WHAT YOU WILL DO —
Everything in the records is to be written out exactly, except the pictures.

INFORMATION GIVEN —
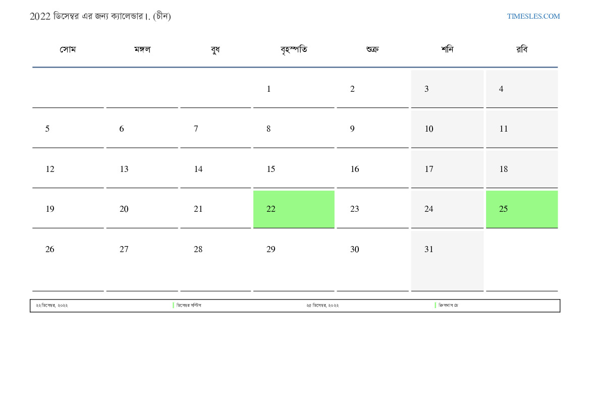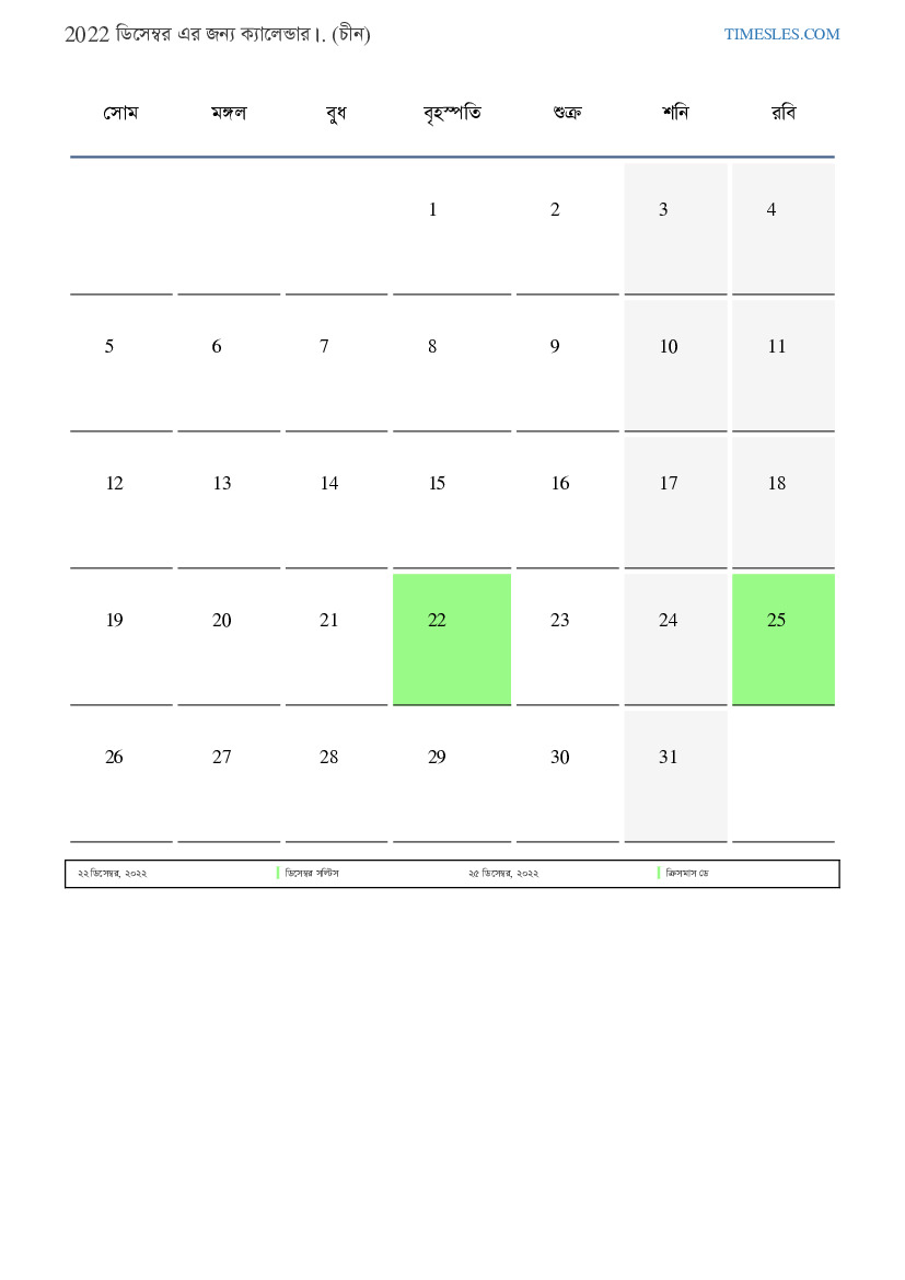 চীন জন্য 2022 ডিসেম্বর এর জন্য ছুটির দিন এবং সপ্তাহান্তের ক্যালেন্ডার
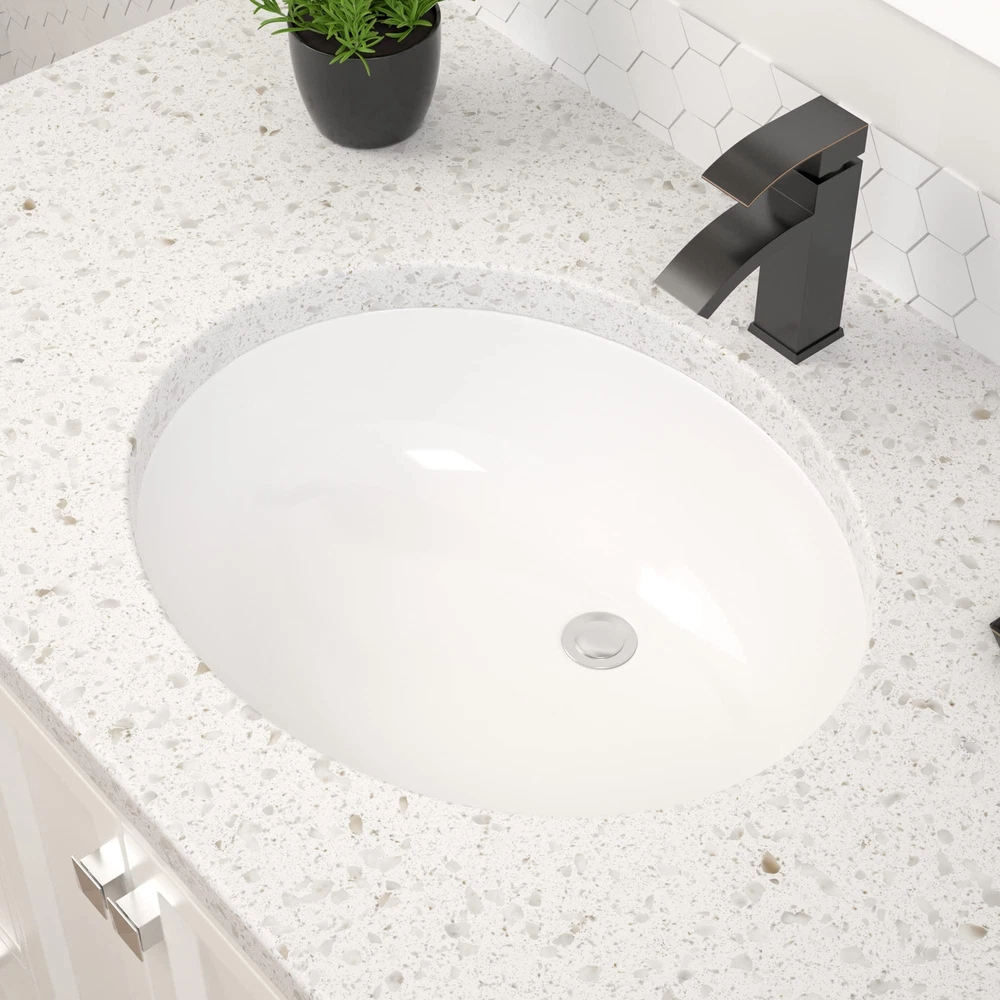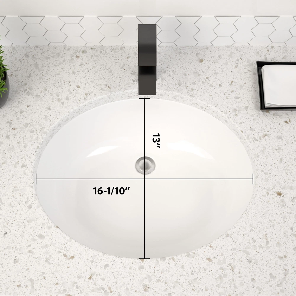 Sleek and contemporary Oval undermount bathroom sink, offering modern, elegant and glamour to update lavatory bathroom. This bathroom sink is crafted with high grade ceramic porcelain, specially designed for impact-resistance. This oval bathroom sink has a smooth, non-porous surface with a baked-on glaze for added durability and a high-gloss finish. Simply wipe the sink surface with a damp cloth to keep it looking beautiful with minimal maintenance. Ceramic bathroom sink Exterior Dimension: 18-1/4" x 15" x 7-7/8" ; Interior dimension: 16-1/10" x 13" . Under counter installation, easy to install, 1-3/4" drain opening as standard to match universal drain set. Faucet and sink drains are not included in the package. Commitment: We always put our customers first and are here to help you at any time. If you have any questions or concerns, we will respond within 12 hours.
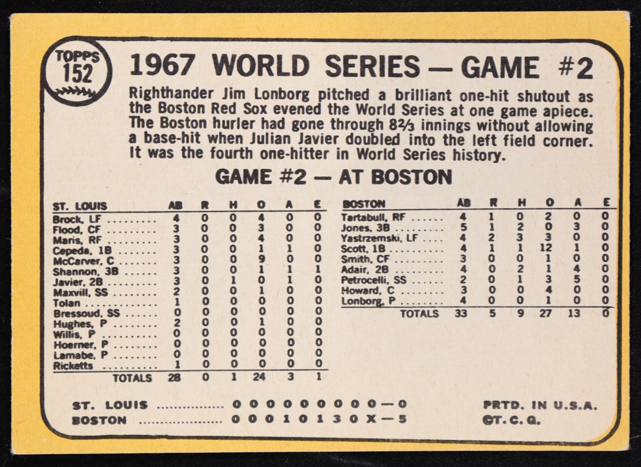 Carl Yastrzemski 1968 Topps #152 World Series Game 2
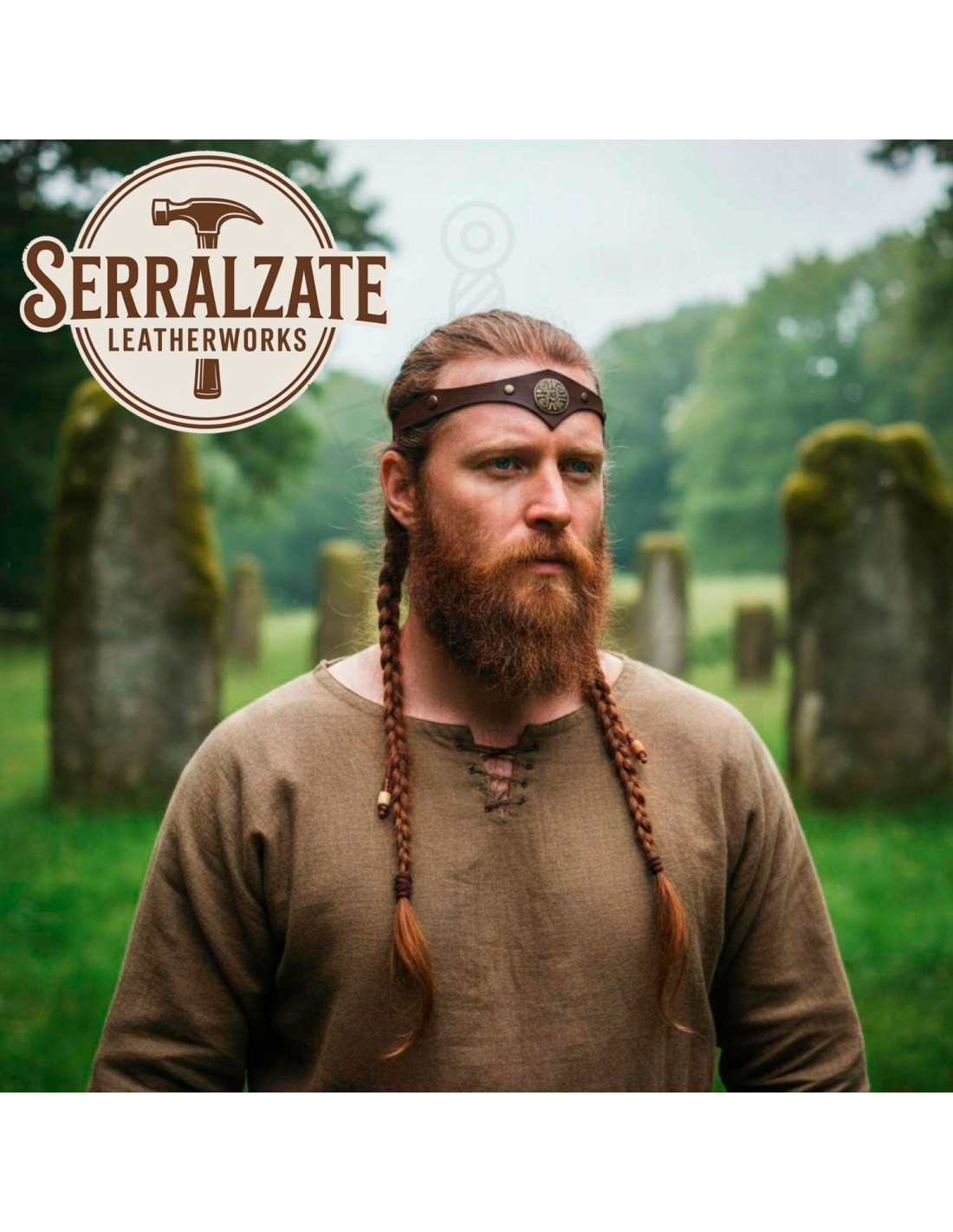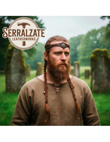 Il suo design protegge la fronte con quell'eleganza delicata che conferisce il decoro metallico con motivi celtici e borchie, evidenziando dettagli che riflettono la storia e la tradizione, ideali per chi ama accessori con carattere e spirito. La regolabilità nella parte posteriore, tramite un cordoncino in pelle, garantisce un comfort perfetto e una vestibilità personalizzata, facilitando l'uso in diverse occasioni.
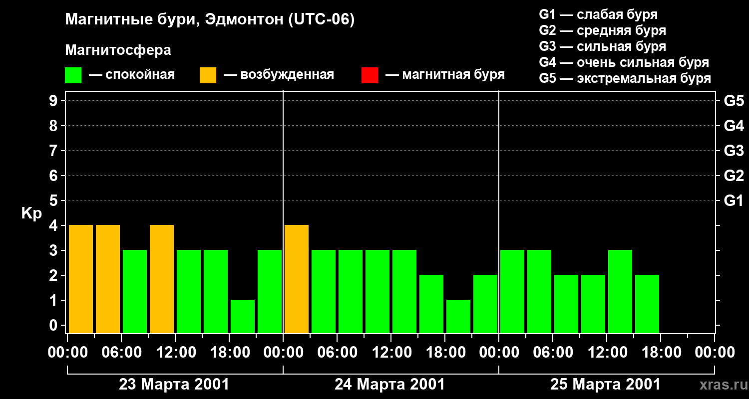 Магнитные бури в Эдмонтоне — 25 марта 2001 года
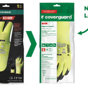 18-as kötésű, varrás nélküli, fluo sárga színű, vágásbiztos HPPE + nylon + elasztán védőkesztyű,
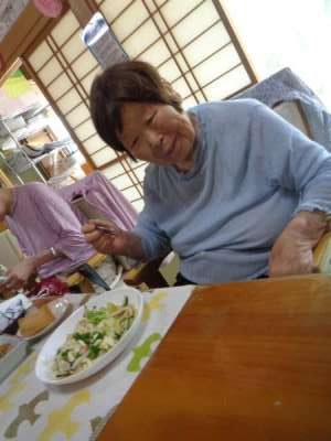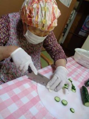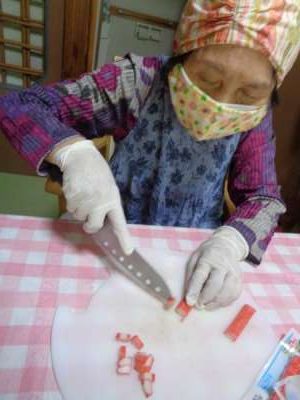 こちらの母は和え物の材料を🔪
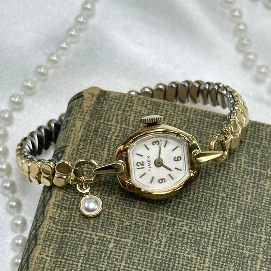 Dainty Vintage Gold Timex Wind-Up Watch with Pearl Charm
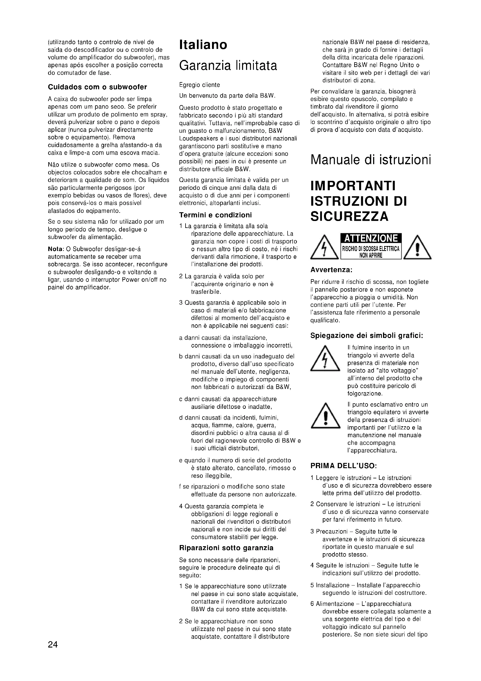 MANUALE UTENTE ASW850 BOWERS & WILKINS
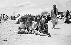 Ladies posing for a photo at Main Beach, ca. 1934

TASK RESPONSE —
 চীন জন্য 2022 ডিসেম্বর এর জন্য ছুটির দিন এবং সপ্তাহান্তের ক্যালেন্ডার
 Sleek and contemporary Oval undermount bathroom sink, offering modern, elegant and glamour to update lavatory bathroom. This bathroom sink is crafted with high grade ceramic porcelain, specially designed for impact-resistance. This oval bathroom sink has a smooth, non-porous surface with a baked-on glaze for added durability and a high-gloss finish. Simply wipe the sink surface with a damp cloth to keep it looking beautiful with minimal maintenance. Ceramic bathroom sink Exterior Dimension: 18-1/4" x 15" x 7-7/8" ; Interior dimension: 16-1/10" x 13" . Under counter installation, easy to install, 1-3/4" drain opening as standard to match universal drain set. Faucet and sink drains are not included in the package. Commitment: We always put our customers first and are here to help you at any time. If you have any questions or concerns, we will respond within 12 hours.
 Carl Yastrzemski 1968 Topps #152 World Series Game 2
 Il suo design protegge la fronte con quell'eleganza delicata che conferisce il decoro metallico con motivi celtici e borchie, evidenziando dettagli che riflettono la storia e la tradizione, ideali per chi ama accessori con carattere e spirito. La regolabilità nella parte posteriore, tramite un cordoncino in pelle, garantisce un comfort perfetto e una vestibilità personalizzata, facilitando l'uso in diverse occasioni.
 Магнитные бури в Эдмонтоне — 25 марта 2001 года
 18-as kötésű, varrás nélküli, fluo sárga színű, vágásbiztos HPPE + nylon + elasztán védőkesztyű,
 こちらの母は和え物の材料を🔪
 Dainty Vintage Gold Timex Wind-Up Watch with Pearl Charm
 MANUALE UTENTE ASW850 BOWERS & WILKINS
 Ladies posing for a photo at Main Beach, ca. 1934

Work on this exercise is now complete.